> [Prompt]
Give the lines below again exactly, starting with the line that holds "- 다이어트 패치, 키" and going on through the line that holds "Hinged cover. Base".

> [Data section]
+-------+
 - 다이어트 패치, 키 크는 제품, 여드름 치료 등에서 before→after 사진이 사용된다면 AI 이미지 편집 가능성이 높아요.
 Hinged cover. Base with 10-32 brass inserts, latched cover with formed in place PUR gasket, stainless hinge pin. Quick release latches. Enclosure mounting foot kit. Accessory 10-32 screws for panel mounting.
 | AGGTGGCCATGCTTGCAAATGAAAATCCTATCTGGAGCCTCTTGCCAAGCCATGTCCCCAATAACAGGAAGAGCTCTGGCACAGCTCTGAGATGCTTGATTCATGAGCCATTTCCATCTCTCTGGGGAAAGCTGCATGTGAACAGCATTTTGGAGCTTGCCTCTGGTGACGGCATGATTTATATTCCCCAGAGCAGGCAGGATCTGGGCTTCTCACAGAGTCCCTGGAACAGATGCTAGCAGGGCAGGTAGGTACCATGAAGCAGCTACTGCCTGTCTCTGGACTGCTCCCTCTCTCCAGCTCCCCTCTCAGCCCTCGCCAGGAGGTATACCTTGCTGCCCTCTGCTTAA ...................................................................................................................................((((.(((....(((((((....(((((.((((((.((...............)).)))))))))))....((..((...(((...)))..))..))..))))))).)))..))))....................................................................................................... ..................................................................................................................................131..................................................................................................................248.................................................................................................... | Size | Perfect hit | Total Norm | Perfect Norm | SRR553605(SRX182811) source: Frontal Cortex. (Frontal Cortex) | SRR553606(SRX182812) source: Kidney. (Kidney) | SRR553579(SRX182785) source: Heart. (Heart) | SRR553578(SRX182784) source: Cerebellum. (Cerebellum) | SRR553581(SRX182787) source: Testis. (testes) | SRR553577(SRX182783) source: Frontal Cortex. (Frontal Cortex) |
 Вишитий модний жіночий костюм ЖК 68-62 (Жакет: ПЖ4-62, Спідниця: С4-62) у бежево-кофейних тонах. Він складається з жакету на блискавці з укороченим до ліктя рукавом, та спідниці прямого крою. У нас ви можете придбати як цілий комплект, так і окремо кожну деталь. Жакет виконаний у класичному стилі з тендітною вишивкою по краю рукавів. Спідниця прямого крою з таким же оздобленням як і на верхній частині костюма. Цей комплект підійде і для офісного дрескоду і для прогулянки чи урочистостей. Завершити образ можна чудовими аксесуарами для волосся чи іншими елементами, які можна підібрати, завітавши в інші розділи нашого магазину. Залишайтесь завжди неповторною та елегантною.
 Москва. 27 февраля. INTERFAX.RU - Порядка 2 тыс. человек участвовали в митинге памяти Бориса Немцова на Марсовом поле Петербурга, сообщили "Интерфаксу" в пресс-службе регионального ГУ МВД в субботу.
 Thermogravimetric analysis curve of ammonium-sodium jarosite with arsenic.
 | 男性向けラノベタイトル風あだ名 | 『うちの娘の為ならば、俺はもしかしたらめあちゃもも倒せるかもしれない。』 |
+-------+
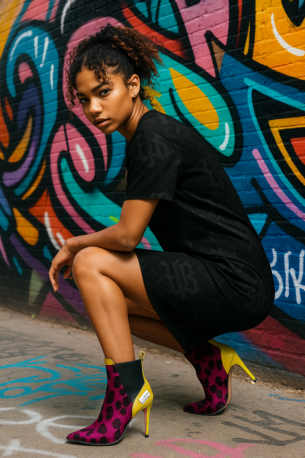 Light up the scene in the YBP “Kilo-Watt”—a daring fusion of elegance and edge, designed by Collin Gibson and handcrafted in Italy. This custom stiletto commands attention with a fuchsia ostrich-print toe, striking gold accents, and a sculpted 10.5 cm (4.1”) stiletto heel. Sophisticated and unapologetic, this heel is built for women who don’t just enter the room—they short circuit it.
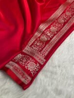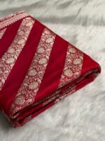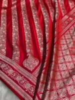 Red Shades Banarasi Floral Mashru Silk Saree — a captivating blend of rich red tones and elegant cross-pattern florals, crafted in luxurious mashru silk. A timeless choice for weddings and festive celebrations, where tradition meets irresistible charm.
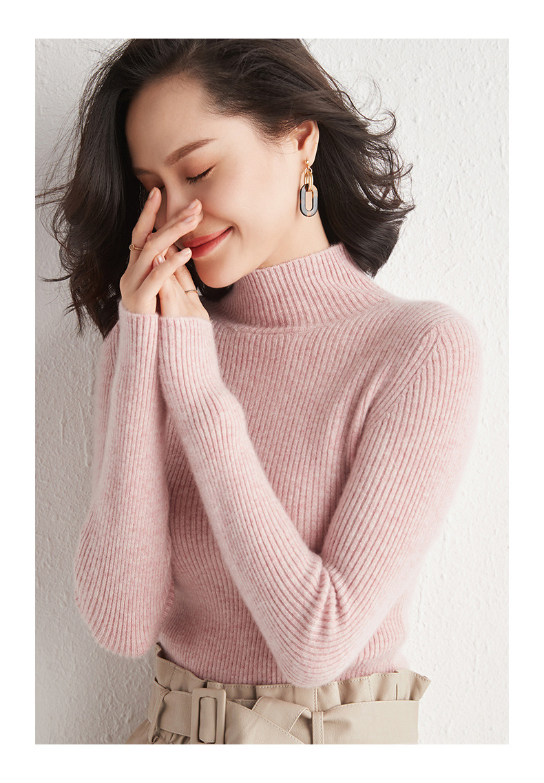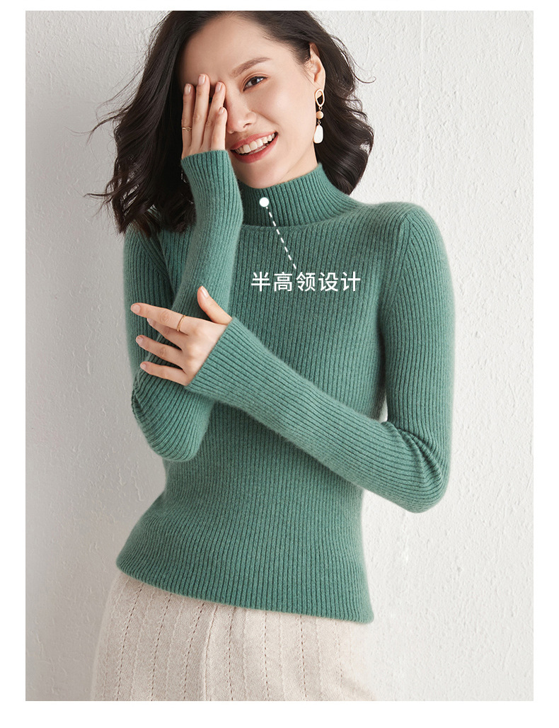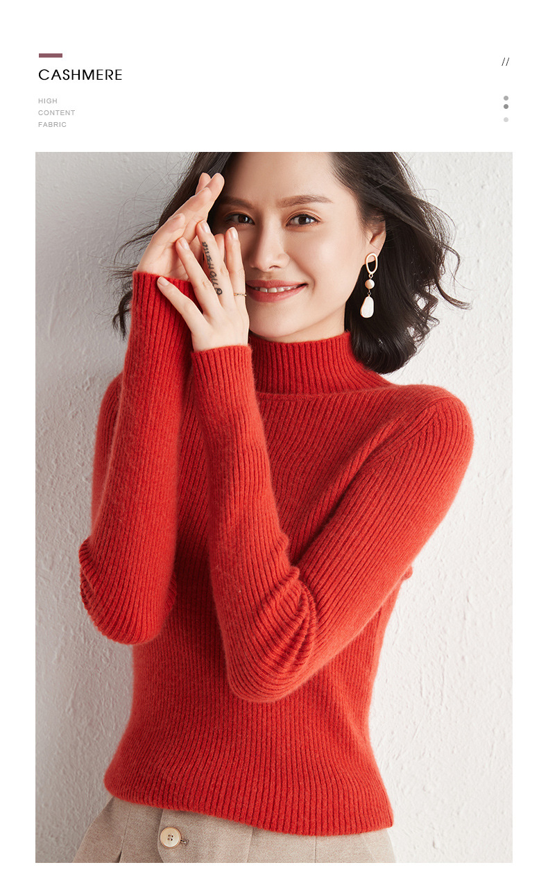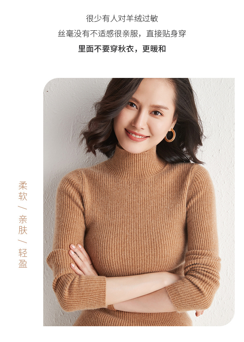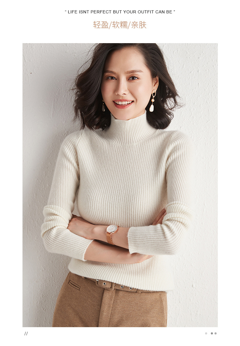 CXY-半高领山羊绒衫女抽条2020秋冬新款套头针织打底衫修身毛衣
+-------+
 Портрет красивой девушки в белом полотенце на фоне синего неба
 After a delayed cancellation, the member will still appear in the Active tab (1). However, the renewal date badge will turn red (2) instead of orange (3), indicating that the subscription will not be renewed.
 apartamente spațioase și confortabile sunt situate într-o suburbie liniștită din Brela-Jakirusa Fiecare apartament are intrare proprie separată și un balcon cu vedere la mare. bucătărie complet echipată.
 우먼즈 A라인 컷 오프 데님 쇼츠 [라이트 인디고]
+-------+
> [Your response]
 - 다이어트 패치, 키 크는 제품, 여드름 치료 등에서 before→after 사진이 사용된다면 AI 이미지 편집 가능성이 높아요.
 Hinged cover. Base with 10-32 brass inserts, latched cover with formed in place PUR gasket, stainless hinge pin. Quick release latches. Enclosure mounting foot kit. Accessory 10-32 screws for panel mounting.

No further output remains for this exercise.